I/O is separate and shared

All compute nodes of all supercomputers see the same files

Performance tradeoff between shared acessibility and speed
It’s simple to load data fast to 1 or 2 gpus. But to 100? 1000? 10000?

Jülich Supercomputers

Our I/O server is almost a supercomputer by itself

Where do I keep my files?

$PROJECT_projectname for code
- Most of your work should stay here
$DATA_projectname for big data(*)
- Permanent location for big datasets
$SCRATCH_projectname for temporary files (fast, but not permanent)
- Files are deleted after 90 days untouched

Data services

JSC provides different data services
Data projects give massive amounts of storage
We use it for ML datasets.
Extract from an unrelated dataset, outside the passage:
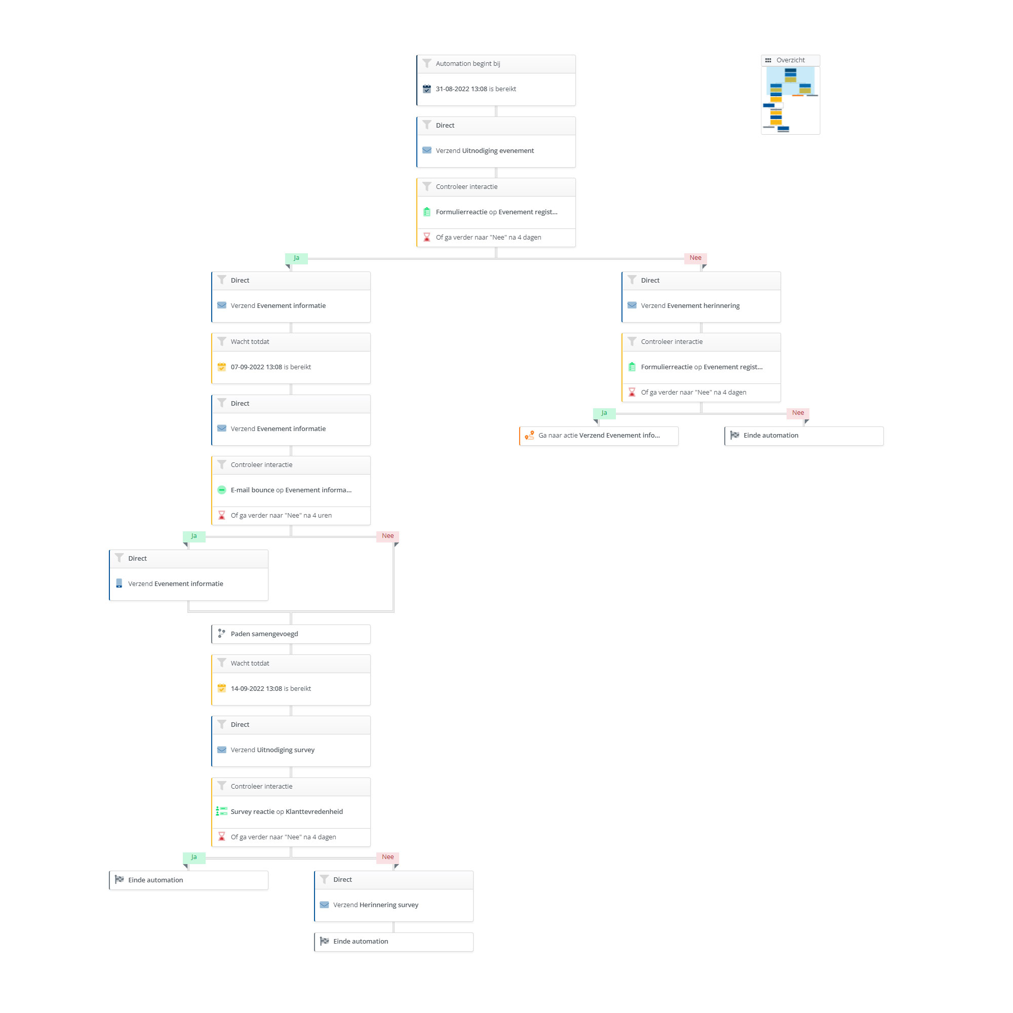 Organiseer jij wel eens events zoals webinars, trainingen of een beurs? Dan gebruik dan onze Evenement campagne als basis voor alle communicatie rondom je event. Denk aan het versturen van herinneringen en surveys. De standaard Evenement campagne gaat uit van één event op een vaste datum. Heb je meerdere events? De campagne is eenvoudig te hergebruiken voor nieuwe data.

Join the project at Judoor
After being approved, connect to the supercomputer and try it:
```
cd $DATA_datasets
```

Data Staging

LARGEDATA filesystem is not accessible by compute nodes
- Copy files to an accessible filesystem BEFORE working
Imagenet-21K copy alone takes 21+ minutes to $SCRATCH
- We already copied it to $SCRATCH for you

Data loading

Strategies

We have CPUs and lots of memory - let’s use them
- multitask training and data loading for the next batch
- /dev/shm is a filesystem on ram - ultra fast ⚡️
Use big files made for parallel computing
- HDF5, Zarr, mmap() in a parallel fs, LMDB
Use specialized data loading libraries
- FFCV, DALI, Apache Arrow
Compression sush as squashfs
- data transfer can be slower than decompression (must be checked case by case)
- Beneficial in cases where numerous small files are at hand.

Libraries

Apache Arrow https://arrow.apache.org/
FFCV https://github.com/libffcv/ffcv and FFCV for PyTorch-Lightning
Nvidia’s DALI https://developer.nvidia.com/dali

We need to download some code

cd $HOME/course/$USER
git clone https://github.com/HelmholtzAI-FZJ/2023-getting-started-with-ai-on-supercomputers.git

The ImageNet dataset

Large Scale Visual Recognition Challenge (ILSVRC)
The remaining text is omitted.